Но я была слепа. Тот Рома, которого я знала, оказался лжецом.
– Не нужно извинений. Все в порядке…
Кремлёв-старший услышал слезы в моем голосе и замолчал, а я пыталась взять себя в руки и скрепить остатки гордости.
– Спасибо за все и всего хорошего…
Собралась положить трубку, но отец Ромы снова меня окликнул.
– Лера, – его голос зазвучал тише, словно он отодвинул трубку от лица, а потом снова поднес. – У меня к вам просьба.

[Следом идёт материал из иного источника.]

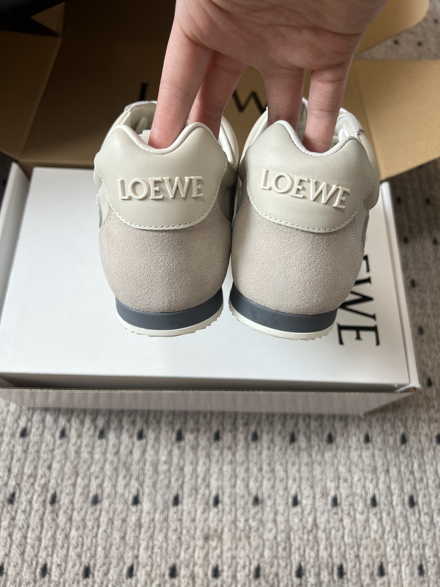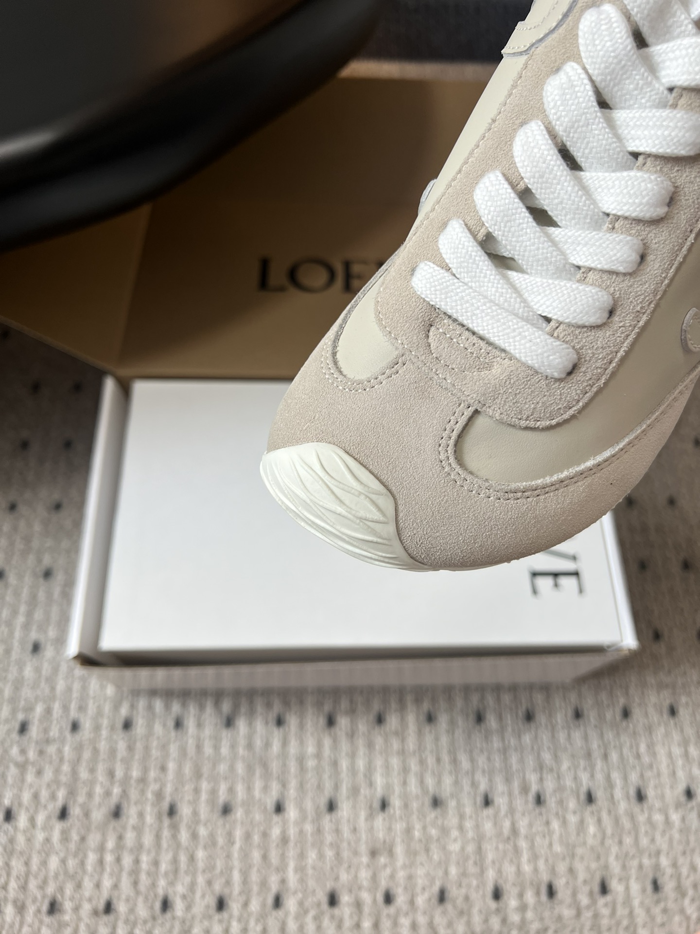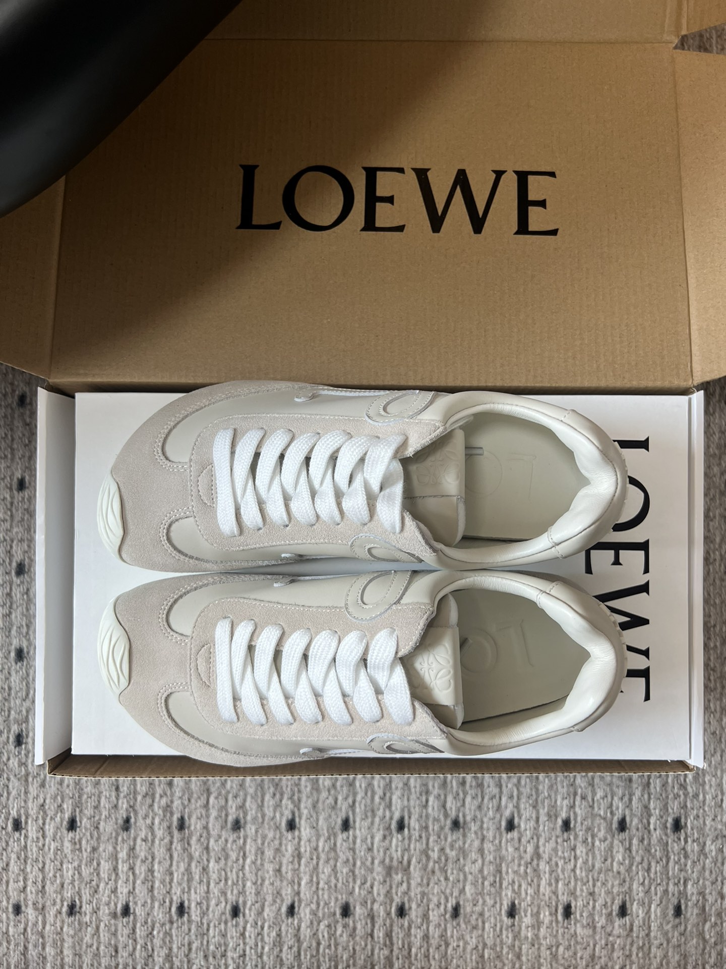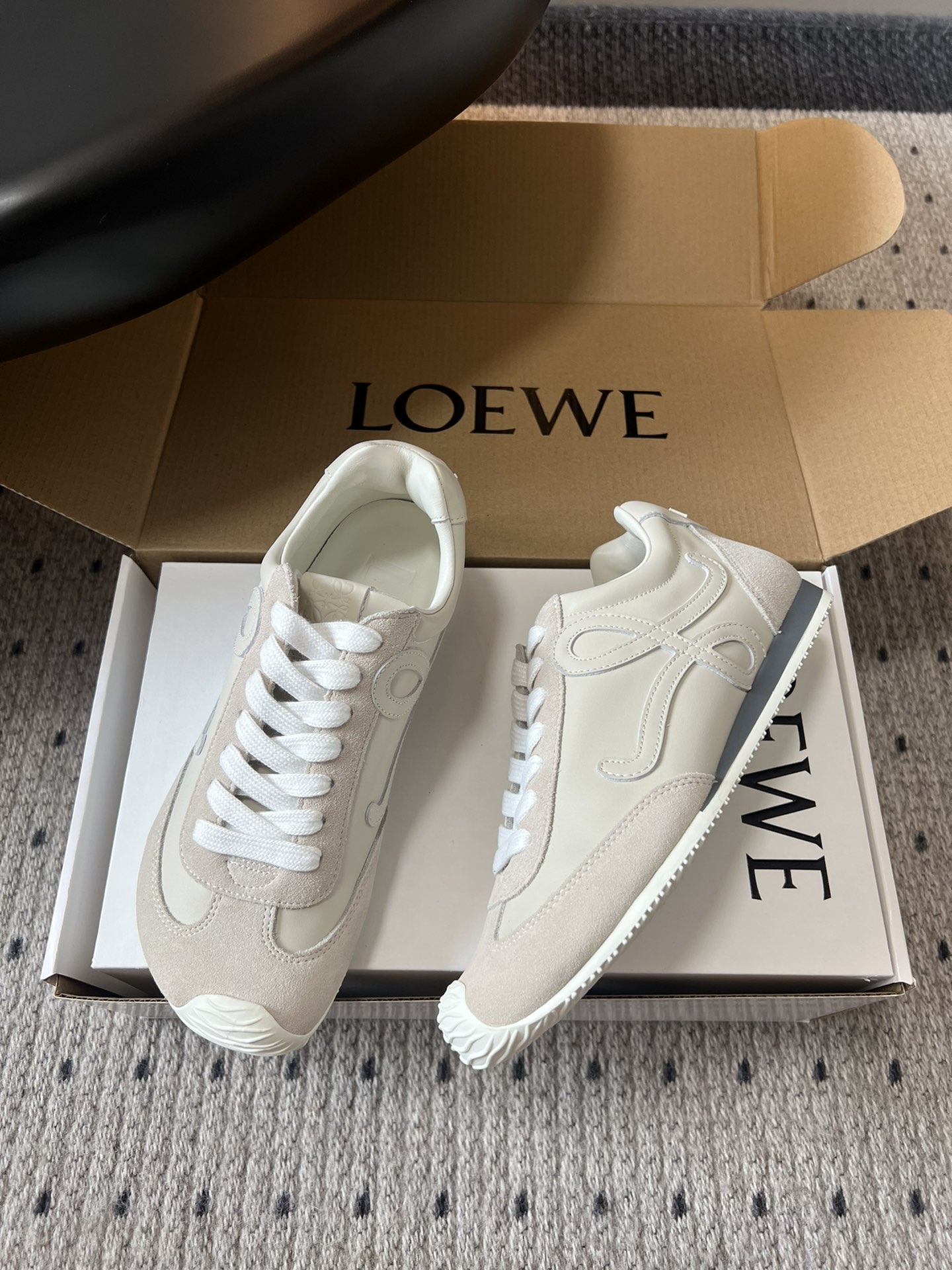 這款鞋子是AAAAA 1:1 質量(非常棒). 使用了和原版一模一樣的材料. 商標部分也保持了和Loewe一樣. 圖片拍攝是實物鞋子拍攝, 您所收到的實物保證和我們圖片一模一樣.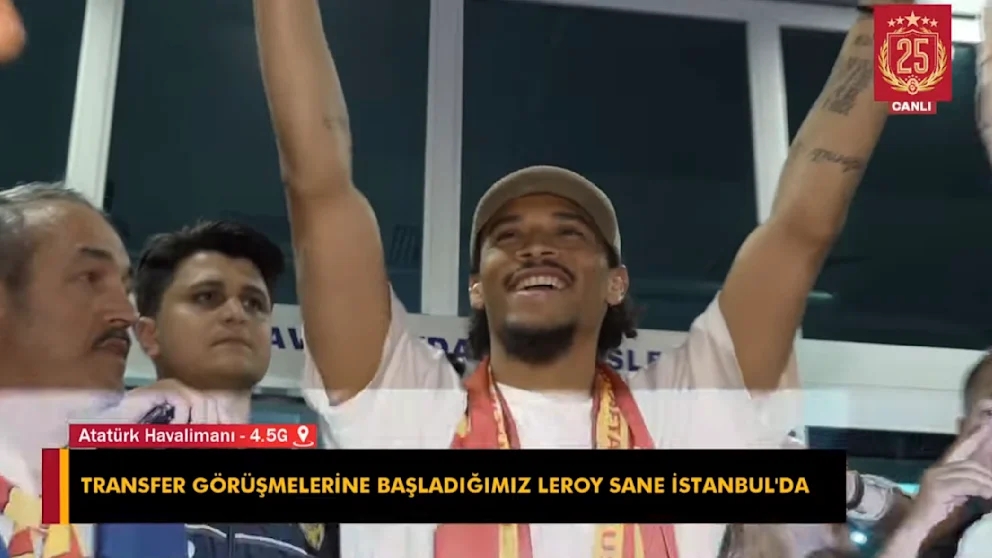 土耳其时间凌晨1点30分左右,萨内走下飞机,已经戴着加拉塔萨雷的围巾,他的妻子也陪伴在他身边。着陆后不久,萨内接受了采访,球迷们已经在等待并呼喊他的名字。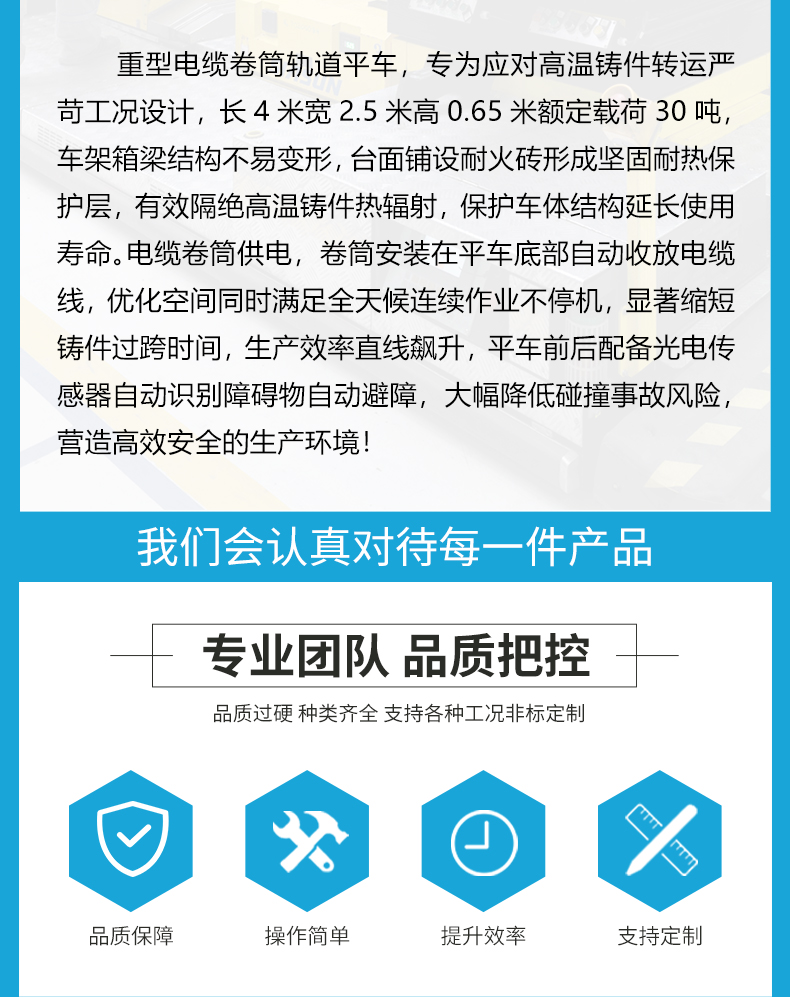 重型电缆卷筒轨道平车,专为应对高温铸件转运严苛工况设计,长4米宽2.5米高0.65米额定载荷30吨,车架箱梁结构不易变形,台面铺设耐火砖形成坚固耐热保护层,有效隔绝高温铸件热辐射,保护车体结构延长使用寿命。电缆卷筒供电,卷筒安装在平车底部自动收放电缆线,优化空间同时满足全天候连续作业不停机,显著缩短铸件过跨时间,生产效率直线飙升,平车前后配备光电传感器自动识别障碍物自动避障,大幅降低碰撞事故风险,营造高效**的生产环境!
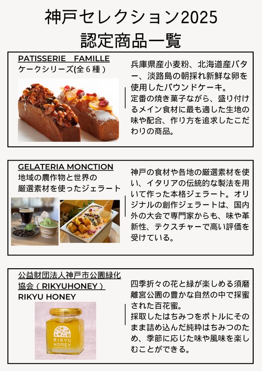 (公財)神戸市産業振興財団では「神戸セレクション2025」認定商品を決定しました。「神戸セレクション」公式ホームページURL: https://www.kobe-selection.jp/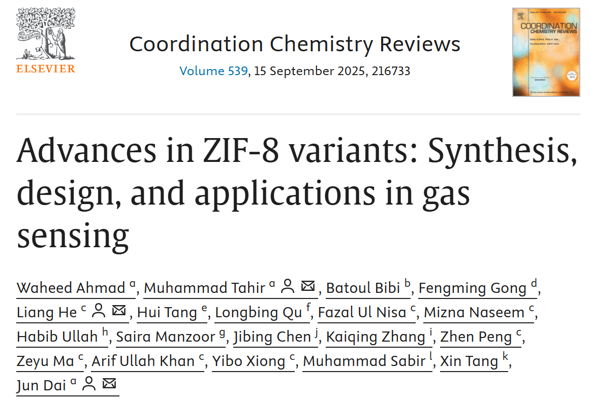 2025年4月23日,51动漫 代俊和四川大学何亮等团队合作,在国际权威期刊 Coordination Chemistry Reviews (中科院一区TOP期刊,IF:20.3)上发表了题为“Advances in ZIF-8 Variants: Synthesis, Design, and Applications in Gas Sensing”的重要综述论文。论文第一作者为51动漫 在读留学生Waheed Ahmad(安全科学与工程专业2024级博士),共同通讯作者为51动漫 外籍博士后Muhammad Tahir、四川大学何亮和51动漫 代俊,论文第一单位为51动漫 。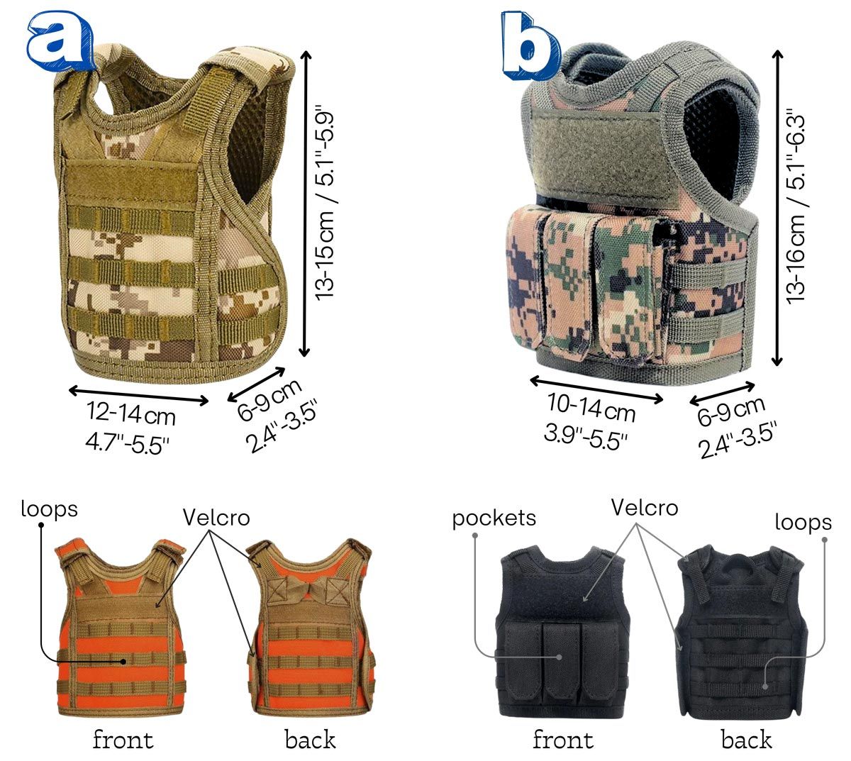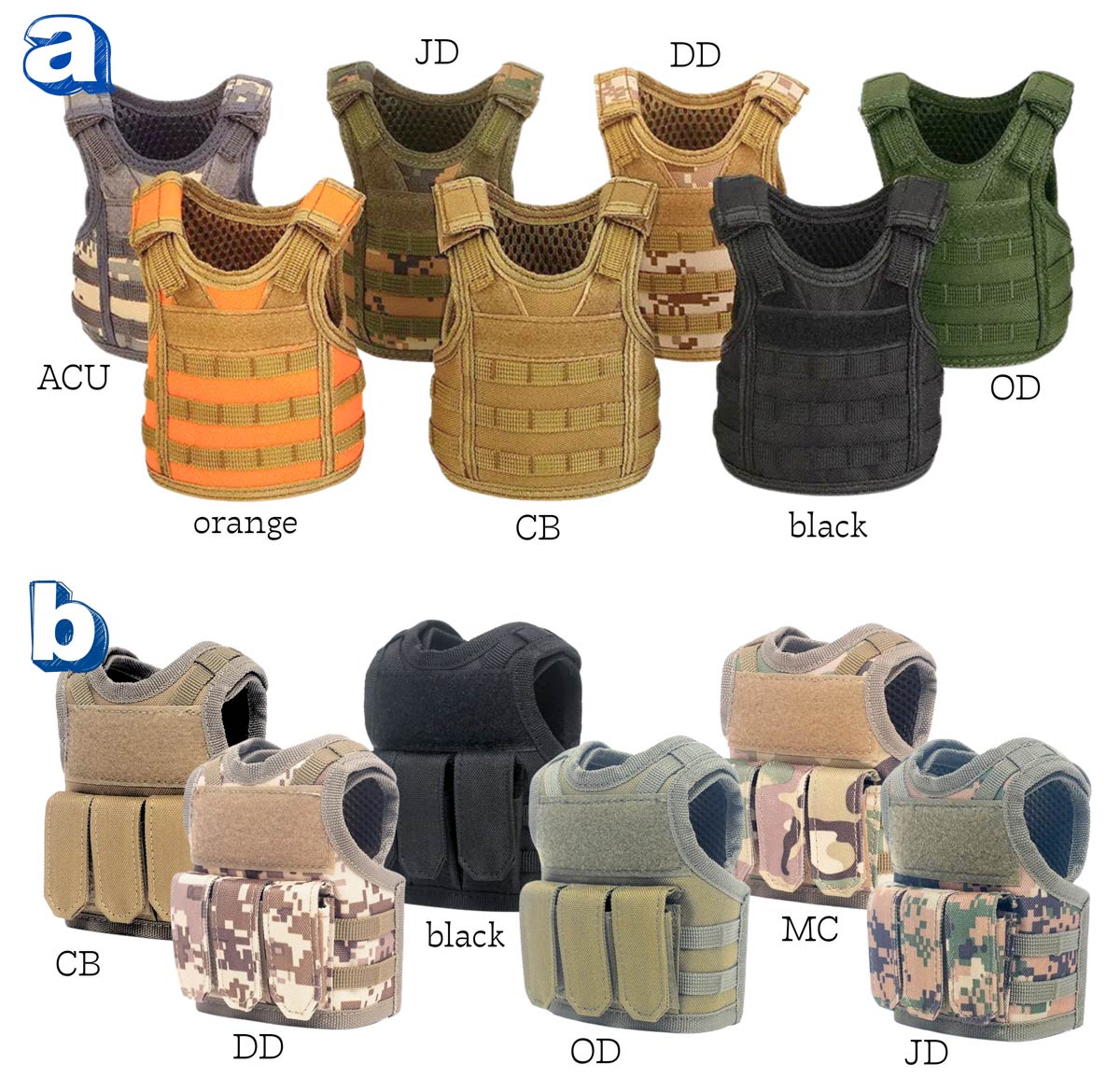 Mostre seu estilo robusto enquanto mantém sua bebida gelada com nossos Koozies de Lata Mini Coletes Táticos! Disponível em dois designs táticos (a e b) e uma ampla gama de cores—incluindo preto, verde OD, marrom coyote (CB), deserto digital (DD), digital da selva (JD), ACU, laranja e multicam (MC)—estes coletes mini são feitos de material de nylon durável com detalhes em webbing MOLLE e alças de ombro ajustáveis para um visual tático autêntico. Perfeito para entusiastas militares, aventureiros ao ar livre ou como brindes promocionais únicos, esses koozies adicionam um toque divertido e tático a qualquer bebida.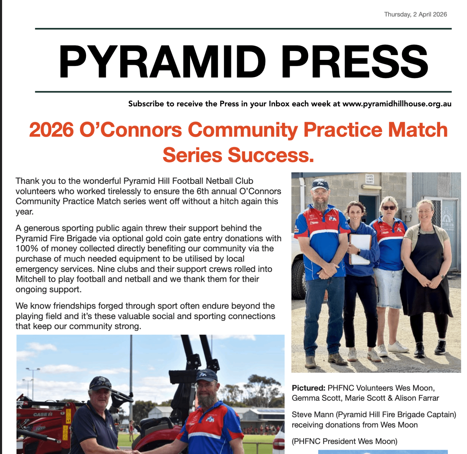Pyramid Press Posted bypyramidhillpress1st Apr 20261st Apr 2026Posted inPyramid Press Hi Neighbours. Here’s your Press for the week Pyramid Press 2 April 2026Download Share this: Share on X (Opens in new window) X Share on Facebook (Opens in new window) Facebook Like Loading... Related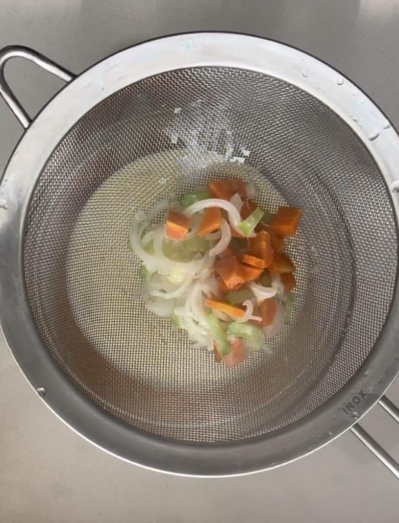 In another pan, sauté with oil, carrot, celery, and onion cut into pieces.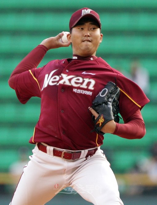 15일 서울 잠실야구장에서 열린 ‘2011 롯데카드 프로야구’ 두산과 넥센의 경기에서 넥센 선발 김영민이 역투하고 있다.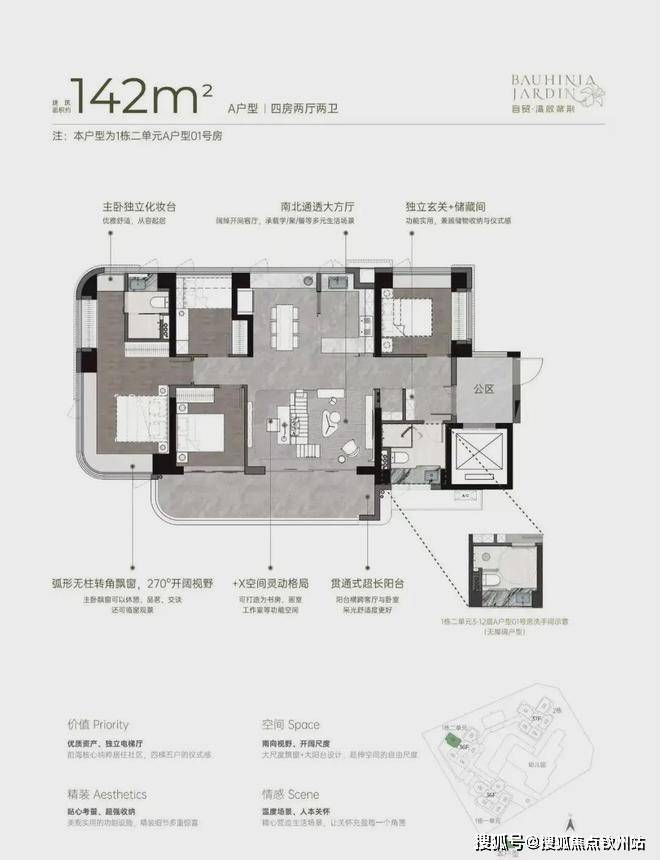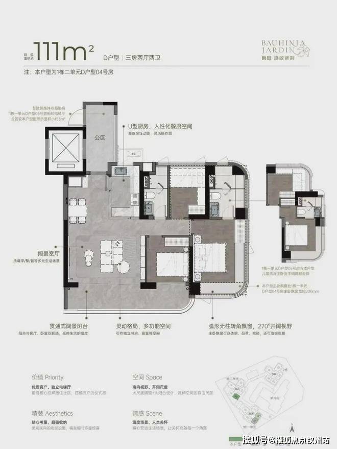 小区有485套纯住宅,车位595个,容积率5.14,共有三栋住宅,每栋做了36-37F高的4梯5户设计,每户都有专梯入户空间。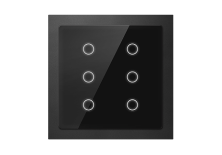 Элегантная стеклянная клавиатура с 2-сенсорными кнопками, металлический каркас, синий/желтый светодиодный индикатор; все функции KNX, включая переключение, затемнение, управление жалюзи, управление сценариями, отправку сообщений и т. д. устанавливается в настенную монтажную коробку 86*86 мм.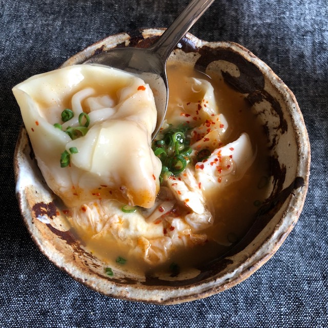 - 2を6等分にし餃子の皮にのせ帽子型に包む。

Он замолчал, дождавшись, пока я возьму себя в руки и отвечу.
– Ммм?
– Не пытайтесь связаться с моим сыном, – удивило направление беседы, поэтому я лишь ошарашенно притихла, прислушиваясь к голосу в трубке. – Я уговорю его пройти новый курс лечения в клинике. Пока он… – Кремлёв-старший прокашлялся. – Пока он окончательно не втянулся в это.
Я молчала и не перебивала, но чувствовала, как зияющая пустота в груди становится все объемнее.
– Вчера он снова пришел домой под кайфом, и я полночи пытался привести его в чувство, – отец Ромы ненадолго замолчал, а потом снова продолжил кромсать мое сердце словами. – Он притащил с собой какую-то наркоманку, и мне стоило огромного труда выпроводить эту девку.
Закусила губу, борясь с отчаяньем и жуткой всеобъемлющей ревностью, которая вмиг заполнила пустоту внутри, сменяя боль яростью.
– Вы сказали ему о ребенке? – это чувство придало сил, и я на секунду почувствовала себя живой.
– Я попытался поговорить с ним и все объяснить, но он даже слушать не стал, только орал, чтобы я оставил его в покое и не отвлекал от новой знакомой.
Кремлёв замолчал, а я ощутила, как пульс начал отбивать эхом в мозгу и потерла виски.
– Если вам что-то понадобится, свяжитесь со мной по этому номеру. Но не пытайтесь связаться с моим сыном. Это кончится плохо для вас обоих.